With the afternoon match starting at 3pm, it meant that it was about midnight in Australia and by the time that it finished they were well into the early hours of the following day.

That means they were watching a match being played on Monday when they were already in the early hours of Tuesday in their country.

But it was all worth the wait and Cahill’s dramatic intervention turned the game on its head and gave Australia all three points.

Alvin Corneal of Trinidad is Bwalya’s colleague in the Fifa Technical Group and this is his report:

“It was a clash of footballing cultures. On the one hand, we saw Australia with their high tempo, commitment, fighting spirit and good organisation.

“On the other, we had Japan, who played a perfectly executed short-passing game, particularly in the first half, and deserved their 1-0 half-time advantage, even if the goal was quite extraordinary.

“Midfield dynamos Hidetoshi Nakata and Shunsuke Nakamura were instrumental in spraying the ball around to their team-mates, and their intelligent passing repeatedly created openings.

“Australia struggled to find any reliable way of keeping the confident Japanese team at bay, who in my opinion took comprehensive control of the game in the first 45 minutes.

“For the first 15 minutes after the interval, Japan continued to look unbeatable.

“They were disciplined in defence and created numerous good counterattacks, which were generally squandered.

“The pivotal moment of the match came in the 53rd minute when the introduction of Budweiser Man of the Match Tim Cahill turned the game.

“While Australia had never given up and continued to press the Japanese rearguard, they had struggled to pose any genuine threat.

“Cahill added the missing penetration to the Australians forward play and suddenly the team came to life.

“And when the Everton midfielder made it 1-1 in the 84th minute, the floodgates opened.

“Cahill struck again just five minutes later to give the Socceroos a 2-1 lead and break Zico’s mens’ hearts before John Aloisi put the game beyond doubt at 3-1 in injury time.

“On balance, it was a fair result based simply on their second-half performance.

“Australia never admitted defeat and showed incredible willpower and fighting spirit.

“The team gave everything and were rewarded with a vital opening victory.

“I must finish by mentioning the weather, which played a decisive role today.
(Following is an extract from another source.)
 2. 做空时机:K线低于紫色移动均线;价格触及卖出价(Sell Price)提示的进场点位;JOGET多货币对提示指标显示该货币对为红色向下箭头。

The heat was oppressive, which made things very difficult for the players.

“Japan coped better with the tropical conditions initially, but over the course of the game, I noticed their strength gradually diminish while Australia were able to maintain a high tempo for the whole game.

“It was significant that two fresh substitutes in Tim Cahill and John Aloisi scored the goals for Australia.
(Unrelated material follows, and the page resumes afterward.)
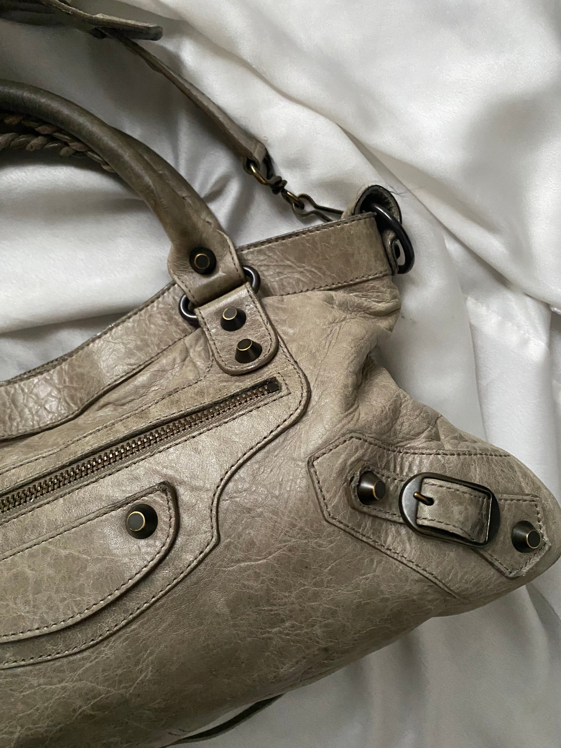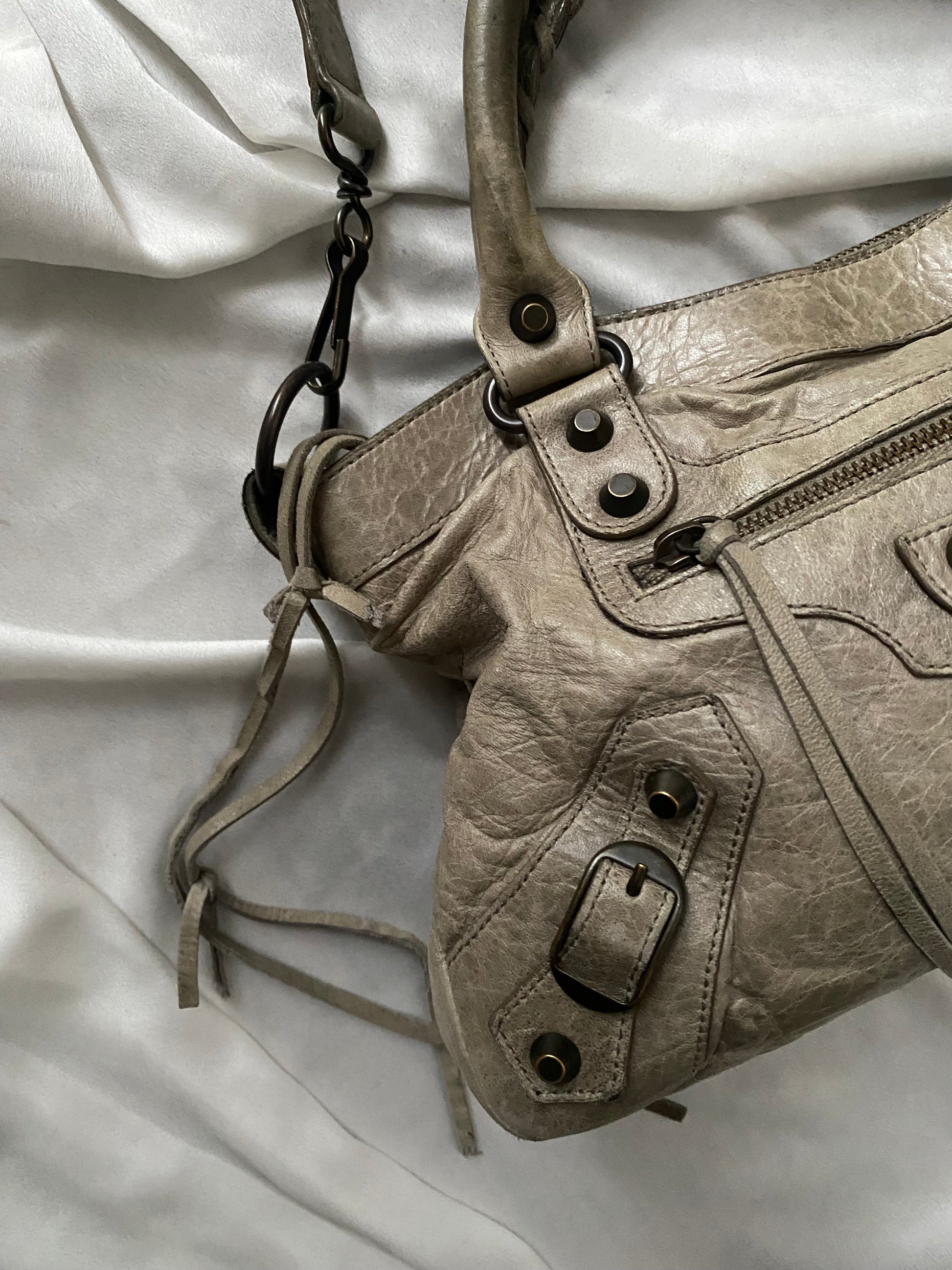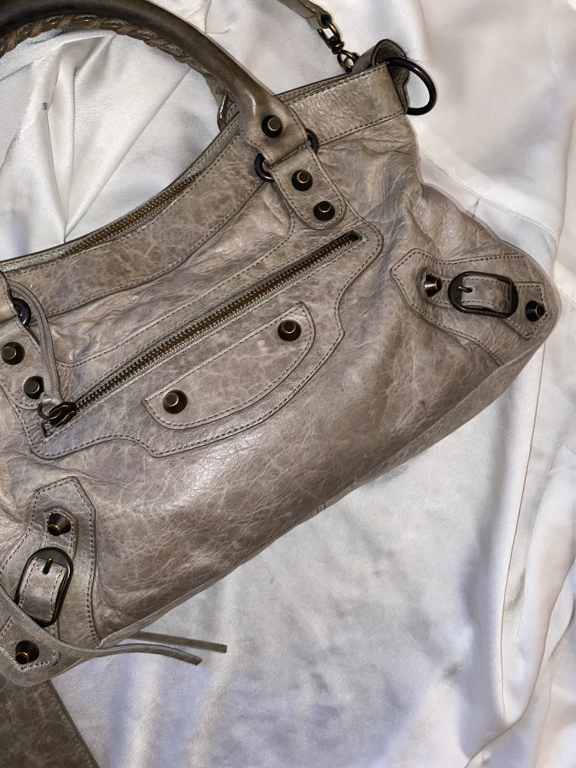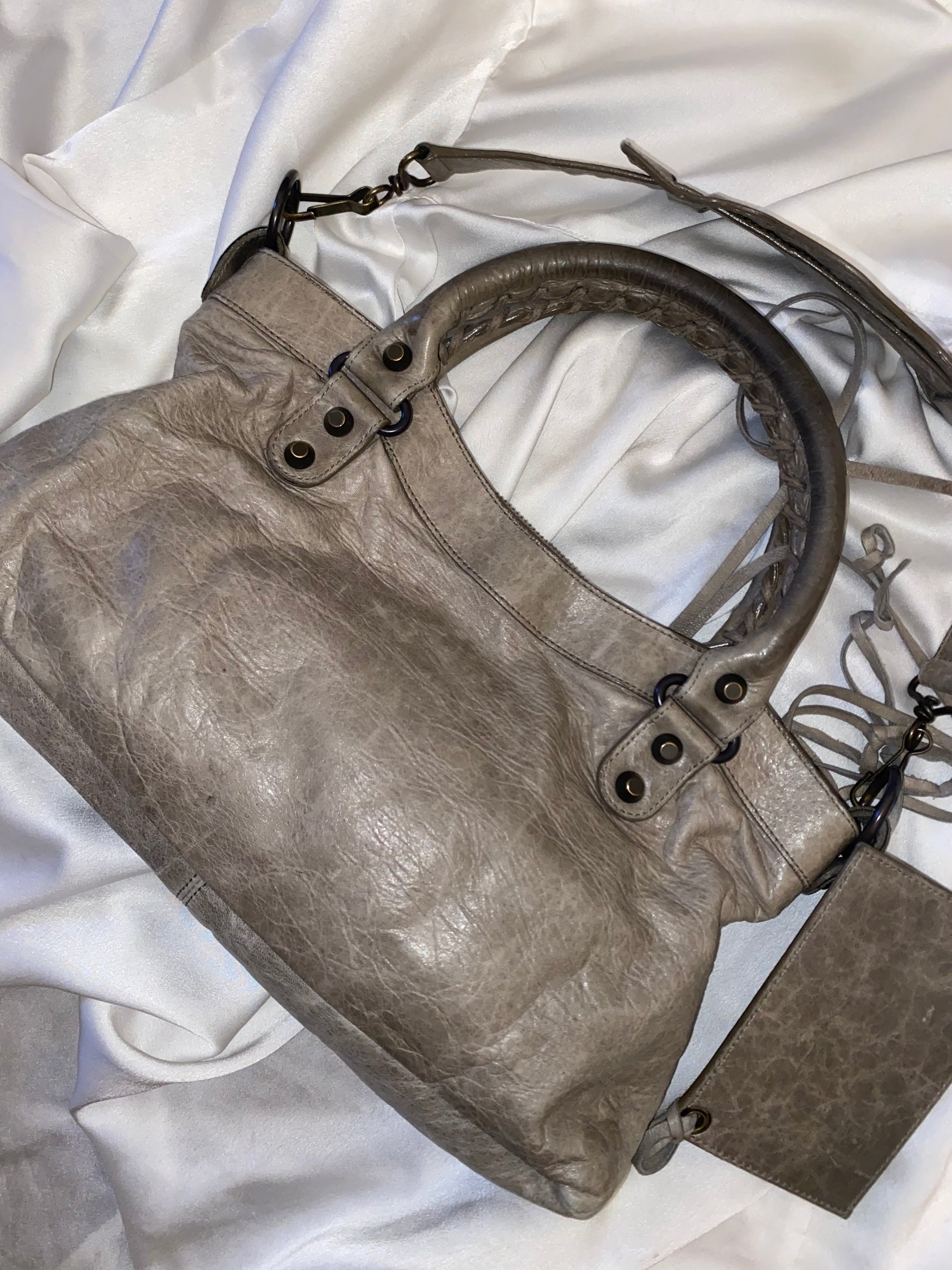 Balenciaga first color galet (rock) f/w 2009. Characteristic aged leather. Some marks on the leather and slightly darker handles. Amazing.

“The game was played very positively, both teams looked to attack.”

Corneal also watched Cote diIvoire go down 1-2 to Argentina in one of the best opening matches of this tournament.

“The statistics show that C’te d’Ivoire were not inferior but I think the greater experience of Argentina helped.
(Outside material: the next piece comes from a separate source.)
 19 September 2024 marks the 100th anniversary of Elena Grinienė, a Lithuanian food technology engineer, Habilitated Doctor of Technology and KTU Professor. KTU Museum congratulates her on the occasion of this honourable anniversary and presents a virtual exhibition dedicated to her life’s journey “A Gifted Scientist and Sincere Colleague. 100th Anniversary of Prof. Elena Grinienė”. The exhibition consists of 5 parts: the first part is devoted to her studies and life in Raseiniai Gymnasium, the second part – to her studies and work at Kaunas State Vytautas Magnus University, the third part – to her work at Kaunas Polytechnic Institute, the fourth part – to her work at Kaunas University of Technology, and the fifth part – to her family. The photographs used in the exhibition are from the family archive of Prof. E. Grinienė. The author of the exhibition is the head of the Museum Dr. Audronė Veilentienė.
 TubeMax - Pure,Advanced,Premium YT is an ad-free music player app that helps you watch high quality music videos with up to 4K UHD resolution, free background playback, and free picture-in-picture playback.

“That experience helped them to score two goals early and their finishing was the difference.

“C’te d’Ivoire were good but they played as individuals.

“They were physically very strong, but they lacked quality in their finishing and left it too late in the game to score.

“They had chances and who knows, if they had scored with one of those chances it may have been a different game.

“The greater experience of Argentina in how to gain control of a game by scoring early helped them to win this match.”